FAT POSSUM RECORDS
NOT THE SAME OLD BLUES CRAP (1997)
Fat Possum Records is a label you gotta love just for the name. My other favourite blues label name is Blind Pig Records. Fat Possum wins out over Blind Pig because the blues on Fat Possum is really downhome, primitive and unlike a lot of stuff I'd heard before. Blind Pig artists have a much more sophisticated sound and approach to their blues. Fat Possum bluesmen look, sound and are very rural. The blues they make is electric but the music sounds as if comes from parts of the backwoods where they don't have electricity.
I read about Far Possum. How, not unlike the birth of Alligator Records, a young White guy founded Fat Possum to record the music of some very obscure country bluesman. These were guys whom time had passed by. They were still making blues the way it had been played in the rural juke joints for many years while blues went uptown and got all sophisticated and commercial in the hands of Muddy Waters, John Lee Hooker, B B King, Robert Cray and Stevie Ray Vaughan to outline just a brief history of time.
Since 1992 Fat Possum has given us Junior Kimbrough and R L Burnside (once backed by the Jon Spencer Blues Explosion) and T-Model Ford who sounded mean as hell and twice as unsophisticated. They rocked the blues pretty good and made as cathartic a racket as any punk rocker.
The first handful of Fat Possum albums I saw in Cape Town, a couple of R L Burnside records, were rather expensive for my taste, especially for blues records and I passed them by. Then I found the debut, and possibly only, album by Paul "Wine" Jones who is probably in the second league of Fat Possum artists and who truly has an excessively simplistic wah wah guitar style that makes me think of my own capabilities. How on earth and why Jones made the wah wah pedal his own is a mystery. Perhaps he found a second hand pedal in a local pawnshop and when he tested it he realised the noise it made could set him apart from his peers.
Even with the wah wah pedal Jones is no Jimi Hendrix, Steve Stills or Eric Clapton and the description unholy, over-amped roar fits his guitar playing. The backing is as simplistic and furious and his huge echoed bellow of a voice doesn't so much sing as chant the very straightforward lyrics. Jones is no poet and he mixes and matches traditional blues phrases with this own witticisms.
Paul "Wine" Jones makes riveting, though limited music. Over the length of an album the schtick pales. The ideal setting for a Paul "Wine" Jones tune is amidst a collection of other acts on Fat Possum, such as Not The Same Old Blues Crap, released in 1997.
T-Model Ford, Junior Kimbrough, R L Burnside, The Jelly Roll Kings and other more obscure names feature on this album. Not Paul "Wine" Jones, though.

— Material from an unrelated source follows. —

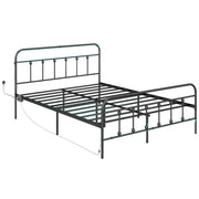 HOMCOM Double Bed Frame with LED Lights and Charging Station, Metal Platform Bed Frame with Under Bed Storage, Black - Black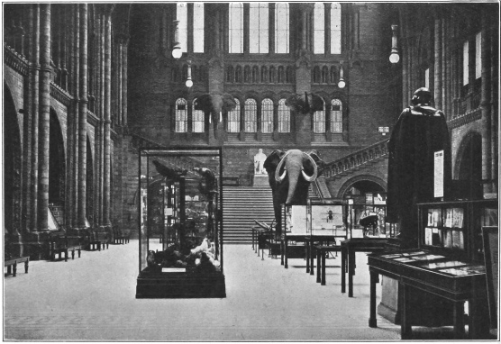 On entering the hall the visitor will notice the bronze statue of the late Sir Richard Owen, K.C.B., Superintendent of the Natural History Departments of the British Museum (1856–1884). It is the work of Mr. T. Brock, R.A., and was placed in the Museum on March 17th, 1897. To the right of this is a marble statue of the late Professor T. H. Huxley, sculptured by Mr. E. Onslow Ford, R.A., which was unveiled on April 28th, 1900. In the first bay on the left is a bust, by Mr. Brock, of the late Sir W. H. Flower, Director of the Natural History Departments of the British Museum from 1884 to 1898. Most of the cases placed on the floor of the hall illustrate general laws or points of interest in natural history which do not come appropriately for illustration within the systematic collections of the departmental series.

Kimbrough does music that can be as lonesome as any of the solo John Lee Hooker sides or as relentless as Howlin Wolf's Memphis band with Willie Steele on guitar. Burnside sounds feral and extremely dangerous even when unarmed. The Neckbones and The Jelly Roll Kings are juke joint houserockers. Where The Neckbones, with "Crack Whore Blues", are as in your face as their song title suggests, the Jelly Roll Kings swing like a cool jazz combo with extra boogie backbeat.
Then there is Elmo Williams who does a dirty guitar boogie, backed by rudimentary drums (that kind of drumming is par for the course for Fat Possum artists) and almost atonal mouth harp. Williams could be a Hound Dog Taylor without slide guitar and his boogie is relentless, motorvating and just dares me to get up and dance in a silly, yet energetic fashion. Perhaps an album's worth of this fierce boogie would be too much, but damn it, one track ain't enough.
Robert Cage does a wordless chanting blues backed by alternately pounding and slicing acoustic guitar. This is the way to resolve the age old conundrum of avoiding blues clichés
Hasil Adkins closes the album on what sounds like an old timey hillbilly song to me. It even has a spoken bit where Adkins get all maudlin over the memories of his long gone love one, and if that is not the true sign of deep country, I do not know what is. The acoustic guitar and thudding drum are as simple as any of the blues tracks and the entire lyric is something like your memories are still loving me." Tear-jerking brilliant.
On the strength of this compilation I would seek out more of Kimbrough, Burnside and the Jelly Roll Kings and probably Elmo Williams too. At 44 minutes the CD is about the same length as records used to be and as a teaser it delivers a lot and promises a great deal more. That is what a good compilation is all about.
Whether the Fat Possum artists have ever become fat cats on the strength of their releases on this label is doubtful. Even severely primitive bluesmen will sell only so many records. If it ain't commercial it won't get on MTV and it won't be on the Disney Channel.
That's all right with me. These blues deserve attention, respect and, most of all, pure and untrammelled enjoyment.